Kyle Forester – Know What You Are Doing from Hearts in Gardens (‘Tis So Referent)
In his first record in four years, Kyle Forester channels an inner-California like thoughtful indie that feels familiar without sounding rehashed and retrofitted. An album – and a fine example with ‘Know What You Are Doing’ – Forester delivers reflection, thoughtfulness and introspection without being preachy or pushy: “Were you looking for a thing to say, And you couldn’t wait another day, To know what you’re doing, You’ve gotta know what you’re doing.” The musical arrangements feel part-70s vibe, part-indie, and part power-pop. A song with heart and yearning for meaning that delivers a very satisfying 3-minute consideration without being ponderous or pompous takes far more song craft than most are capable of creating.
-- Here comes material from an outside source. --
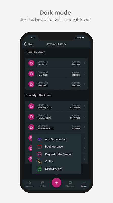 Eltern können Benachrichtigungen direkt an die Kinderkrippe senden, die Änderungen des Buchungsmusters, zusätzliche Sitzungen, Änderungen der Notfallkontaktdetails, neue Allergieanforderungen usw. anfordern. Die Kinderkrippe kann auch Benachrichtigungen an Eltern senden, die sie über Notfallschließungen, Newsletter usw. auf dem Laufenden halten.

Charly Bliss – Feed from Supermoon (Barsuk Records)
An infectious five-song EP of completed songs recorded during the sessions of 2019’s ‘Young Enough’. Eva and Sam Hendricks led Charly Bliss have the indie power pop done to a science on this roughly 15 minute EP. The first track from the EP, ‘Feed’ demonstrates the infectious and youthful earnest quality of Charly Bliss. While not trying to hide from the darkness that surrounds the world, the eager happy chorus demonstrates that it is possible to keep one’s chin up in a world full of reasons to be bitter, jaded and well… unhappy. When Eva sings, “I would feed the whole world, I would feed the world, if I could,” you believe her.
Personality Cult – Nothing to Do with It from New Arrows (Dirtnap Records)
North Carolina’s Personality Cult captures punky pop at its finest. Led by veteran musician Ben Carr (Last Year’s Men, Paint Fumes and Natural Causes), Personality Cult has morphed from a Carr-solo project (where he played almost everything) to a full band with this record. This is a high-energy minimalist punk pop record that does not get in the way of the hooks.
Bryan Ferry – A Really Good Time from Live at The Royal Albert Hall, 1974 (Dene Jesmond Enterprises LTD / BMG Rights Management)
Bryan Ferry had released a few solo albums when he appeared on state at London’s Royal Albert Hall in the winter of 1974. In his solo work, Ferry had found him moving away from the boastful, artistic glitter-rock of Roxy Music into a series of albums and songs that revealed his inner musical archivist. Revisiting songs from the 1930s to the 1960s, Ferry kept his strutting front-man persona while appreciating the complexity of popular music throughout time. This song – and for that matter the entire live album – showed to both the casual and discerning listener that he could not only recreate these songs in the studio but could energetically release them live on the stage as well.
One that got away from us… yeah we know it was not released in February but this song has to be heard!
Scooter James – We Bend from We Bend b/w Dear Friends (Snappy Little Numbers)
Although the single came out a few months ago, ‘We Bend’ is a fantastic illustration of what a songwriter can do with simple, direct yet clever inescapable melody whether they result from guitar lines or vocals or other instrumentation. The hypnotic ‘We Bend’ is everything a great single should be: catchy as hell, mesmerizing and creates an unavoidable call for the listener to sing along at the top of their lungs. Perfect.